Exercise goal =>
Look through the data below for the line with "ALUX60这款键盘还内置了" and the line with "Used Meta/oculus quest", then transcribe exactly from the first through the second, leaving out all pictures.

--- Task inputs Enclosed Below ---

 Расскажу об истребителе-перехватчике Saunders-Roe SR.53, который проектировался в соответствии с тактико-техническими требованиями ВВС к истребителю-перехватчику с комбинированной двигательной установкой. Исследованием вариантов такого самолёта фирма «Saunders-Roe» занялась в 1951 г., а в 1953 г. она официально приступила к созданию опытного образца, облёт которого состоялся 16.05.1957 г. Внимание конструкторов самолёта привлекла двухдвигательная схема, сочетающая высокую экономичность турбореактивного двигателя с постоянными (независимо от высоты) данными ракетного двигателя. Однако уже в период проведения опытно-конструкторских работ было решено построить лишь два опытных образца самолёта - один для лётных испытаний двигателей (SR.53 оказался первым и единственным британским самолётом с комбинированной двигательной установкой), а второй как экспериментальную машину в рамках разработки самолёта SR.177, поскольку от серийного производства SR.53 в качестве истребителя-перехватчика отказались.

--- End of Enclosed Task inputs ---
--- Task inputs Enclosed Below ---

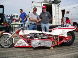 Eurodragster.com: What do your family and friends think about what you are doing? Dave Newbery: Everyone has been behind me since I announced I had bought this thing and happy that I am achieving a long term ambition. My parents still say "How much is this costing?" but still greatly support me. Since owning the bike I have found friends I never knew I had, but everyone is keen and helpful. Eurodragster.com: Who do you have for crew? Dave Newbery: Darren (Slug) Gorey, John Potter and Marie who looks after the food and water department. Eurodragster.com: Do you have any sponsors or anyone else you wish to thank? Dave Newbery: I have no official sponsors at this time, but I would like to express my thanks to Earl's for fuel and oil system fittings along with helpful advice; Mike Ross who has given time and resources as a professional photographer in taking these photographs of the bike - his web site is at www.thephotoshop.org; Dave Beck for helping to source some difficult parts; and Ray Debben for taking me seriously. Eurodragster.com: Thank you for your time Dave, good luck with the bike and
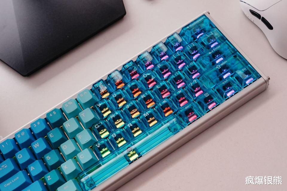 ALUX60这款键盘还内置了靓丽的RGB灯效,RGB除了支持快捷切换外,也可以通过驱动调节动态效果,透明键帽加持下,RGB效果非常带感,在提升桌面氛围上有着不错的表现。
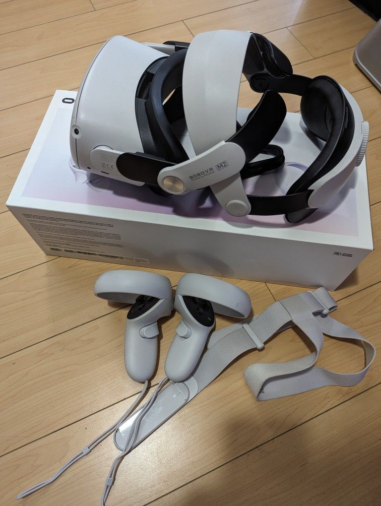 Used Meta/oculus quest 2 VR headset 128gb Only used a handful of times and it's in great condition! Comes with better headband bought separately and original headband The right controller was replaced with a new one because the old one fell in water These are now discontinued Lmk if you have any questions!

--- End of Enclosed Task inputs ---

Output =>
 ALUX60这款键盘还内置了靓丽的RGB灯效,RGB除了支持快捷切换外,也可以通过驱动调节动态效果,透明键帽加持下,RGB效果非常带感,在提升桌面氛围上有着不错的表现。
 Used Meta/oculus quest 2 VR headset 128gb Only used a handful of times and it's in great condition! Comes with better headband bought separately and original headband The right controller was replaced with a new one because the old one fell in water These are now discontinued Lmk if you have any questions!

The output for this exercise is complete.